Born in Bath, Alan was educated at Keynsham grammar school and at Southampton University (1970-78). There he was influenced by David Peacock, who had pioneered the application of geological techniques to the study of Roman pottery. Alan's doctoral thesis, The Medieval Ceramic Industry of the Severn Valley, surveyed the region of his birth and, besides pottery vessels, covered floor-tiles and other ceramic building materials - a subject upon which he became an authority. Alan also helped supervise digs in Gloucester and at St Albans Abbey where, prophetically, he was involved in unravelling that city's Saxon history.

Alan then joined the Museum of London (1980-88), eventually managing research and publication of artefacts of all periods excavated in the City. The museum already classified ceramics according to geological principles, but it required someone with Alan's vision to show how to process thousands of potsherds and interpret them in the context of the buildings and rubbish dumps that had produced them. Aided by the nascent science of tree-ring dating, which provided a chronological framework, he rapidly produced a detailed type-series of all the pottery used in London from the mid-ninth to the mid-15th centuries. The results, published in a series of books and journal articles, are a cornerstone of medieval ceramic studies.
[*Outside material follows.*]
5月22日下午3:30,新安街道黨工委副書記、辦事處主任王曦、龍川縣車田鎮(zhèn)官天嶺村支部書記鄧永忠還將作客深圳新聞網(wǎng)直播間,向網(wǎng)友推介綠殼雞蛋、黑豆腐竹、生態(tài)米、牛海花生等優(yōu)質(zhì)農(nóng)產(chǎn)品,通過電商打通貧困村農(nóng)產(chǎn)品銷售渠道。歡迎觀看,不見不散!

From 1988, a senior position in the City of Lincoln archaeology unit enabled Alan to study urban life from Bronze Age origins, through Roman and Saxon settlements, to the emergence of an ecclesiastical centre and, ultimately, a Victorian city. But in Lincoln, as elsewhere by the late 1980s, so many sites had been excavated that the data threatened to overwhelm attempts to analyse it. Recognising the potential of embryonic geographical information systems, Alan devised a database in which every discovery could be assessed in terms of its contribution to reconstructing the city's history. The resulting The City by the Pool: Assessing the Archaeology of the City of Lincoln (2003), co-written with Mick Jones and David Stocker, sets the agenda for research and excavation.

One of the first to recognise that the personal computer would transform archaeology, Alan was the first editor of a new online journal, Internet Archaeology. Based at York University (1995-99), he laid the foundations for a 25-issue series. He also established a consultancy to provide analytical services in ceramic petrology. A database, with thousands of chemical samples from hundreds of kilns and other sites, was a signal achievement of the last decade.
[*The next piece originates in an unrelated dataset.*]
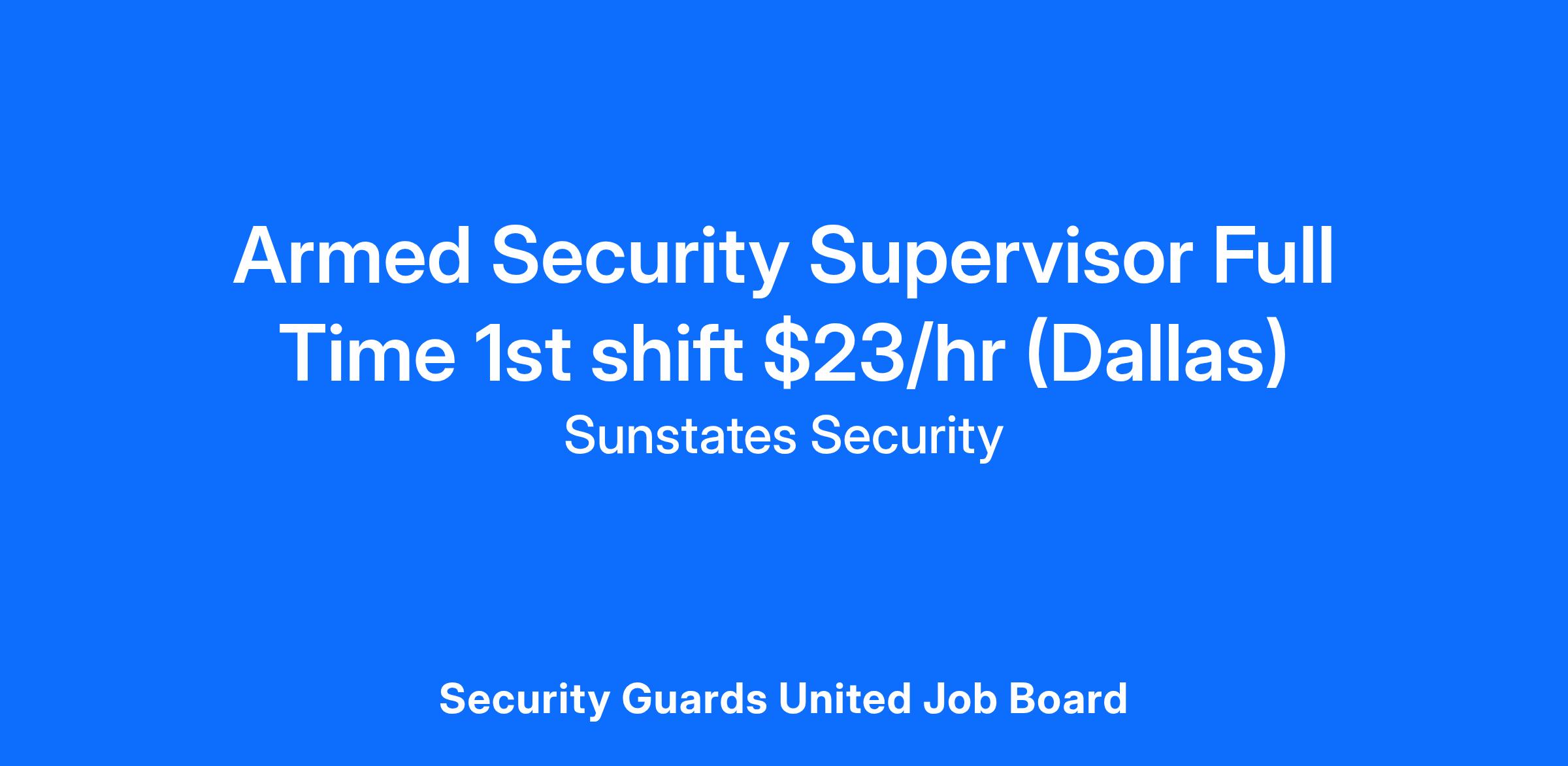 Sunstates Security is hiring for Full-Time, Armed, Security Site Supervisor in the Stroud, OK area. The position is for the 1st shift, and the position offers a pay rate of $23.00/hr, paid weekly.

A fellow of the Society of Antiquaries of London and member of the Institute of Field Archaeologists, Alan was also interested in glass (he once excavated a 17th-century glasshouse at Newent, Gloucestershire), clay tobacco pipes and decorated tiles. An imposing figure and a fine teacher, whose critical acuity was mixed with humour and generosity, he mentored a succession of assistants, many of whom have become ceramics experts.

His wife, Joanna, whom he met on a dig in Coddenham, Suffolk, in 1973, and married in 1976, survives him, along with their three children, Leon, Amy and Kate.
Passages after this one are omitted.